The website WireTap is new-found favorite of mine. Heavy on advisers from Current TV, The Nation, and AlterNet, the site is a great platform for young (appears to be mostly college age) writers / content creators from the most diverse backgrounds I have ever seen in a single site. If you need to understand what young adults care about about, how they define their worlds, this site should be a regular stop in your information gathering missions.
Below is an excerpt from a recent perspective piece I enjoyed. Topics often include reactions to current events around the globe, stories about race, gender and identity. I also like that the students are paid for their submissions.
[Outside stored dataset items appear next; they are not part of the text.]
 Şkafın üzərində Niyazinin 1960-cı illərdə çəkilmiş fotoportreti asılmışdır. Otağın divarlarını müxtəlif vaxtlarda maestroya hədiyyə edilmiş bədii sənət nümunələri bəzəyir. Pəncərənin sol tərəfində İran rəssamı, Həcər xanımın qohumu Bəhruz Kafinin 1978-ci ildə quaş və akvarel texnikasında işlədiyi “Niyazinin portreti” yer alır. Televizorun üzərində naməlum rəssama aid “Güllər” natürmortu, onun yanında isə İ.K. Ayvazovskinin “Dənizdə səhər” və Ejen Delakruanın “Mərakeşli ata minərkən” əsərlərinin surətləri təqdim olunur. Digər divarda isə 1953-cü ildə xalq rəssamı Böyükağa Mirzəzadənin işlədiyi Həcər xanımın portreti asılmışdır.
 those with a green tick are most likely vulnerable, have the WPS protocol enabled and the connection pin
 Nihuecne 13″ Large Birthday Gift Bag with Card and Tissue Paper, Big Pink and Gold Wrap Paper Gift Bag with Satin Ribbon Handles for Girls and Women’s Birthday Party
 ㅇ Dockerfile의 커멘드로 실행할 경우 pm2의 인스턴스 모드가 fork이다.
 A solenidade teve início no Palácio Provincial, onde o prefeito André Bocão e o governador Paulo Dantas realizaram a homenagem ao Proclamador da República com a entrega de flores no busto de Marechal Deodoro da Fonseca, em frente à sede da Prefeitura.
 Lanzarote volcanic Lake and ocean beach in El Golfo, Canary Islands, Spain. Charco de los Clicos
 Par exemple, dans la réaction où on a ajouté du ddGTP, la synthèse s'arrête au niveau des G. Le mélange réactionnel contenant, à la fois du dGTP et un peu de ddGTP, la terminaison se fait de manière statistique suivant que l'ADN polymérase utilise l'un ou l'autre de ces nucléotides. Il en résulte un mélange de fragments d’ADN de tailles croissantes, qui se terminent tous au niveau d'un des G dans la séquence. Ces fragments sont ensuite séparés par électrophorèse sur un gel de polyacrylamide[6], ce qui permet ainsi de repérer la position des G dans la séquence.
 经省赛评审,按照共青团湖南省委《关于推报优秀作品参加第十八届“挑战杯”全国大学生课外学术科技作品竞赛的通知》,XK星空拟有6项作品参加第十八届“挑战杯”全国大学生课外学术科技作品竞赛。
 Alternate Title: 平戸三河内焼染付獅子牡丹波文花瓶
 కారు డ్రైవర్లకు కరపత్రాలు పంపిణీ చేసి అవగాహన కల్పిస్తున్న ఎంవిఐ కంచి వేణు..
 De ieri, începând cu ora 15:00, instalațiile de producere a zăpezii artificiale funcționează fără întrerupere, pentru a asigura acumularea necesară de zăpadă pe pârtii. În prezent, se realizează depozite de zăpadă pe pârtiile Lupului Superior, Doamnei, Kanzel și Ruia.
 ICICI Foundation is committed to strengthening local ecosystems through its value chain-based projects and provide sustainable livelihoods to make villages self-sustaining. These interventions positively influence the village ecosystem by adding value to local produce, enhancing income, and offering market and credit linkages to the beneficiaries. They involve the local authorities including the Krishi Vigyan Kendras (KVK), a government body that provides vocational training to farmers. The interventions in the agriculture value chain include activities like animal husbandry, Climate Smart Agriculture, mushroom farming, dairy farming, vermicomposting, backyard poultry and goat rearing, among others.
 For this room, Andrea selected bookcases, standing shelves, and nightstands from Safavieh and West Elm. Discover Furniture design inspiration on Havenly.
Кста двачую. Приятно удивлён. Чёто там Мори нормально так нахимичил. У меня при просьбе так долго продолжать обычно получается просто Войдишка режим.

The 1996 launch of “Sex on Tuesday” at the University of California, Berkeley– birthplace of the 1960s national student activist movement — triggered the campus newspaper sex column phenomenon.
Within a few years, the sex column had spread to campuses across the country, becoming the “most publicized, electrifying, and divisive phenomena in student journalism,” in the words of Dan Reimold, leading expert on the student newspaper sex column.Reimold estimates that “during any given semester more than 200 sex and dating columns are being published in U.S. student newspapers, magazines, and online outlets…. What’s most important here is perspective. In the mid-nineties, the number of student sex columns: zero.” In addition to increasing student readership, the proliferation of student sex columns has drawn national attention.
Entertainment is usually a key reason behind the publication of sex columns, but the writing is not all about fun. These controversial pieces have proved battlegrounds for the rights of the student press and “appropriate” subjects for publication (ironically, only increasing their popularity and fueling the movement).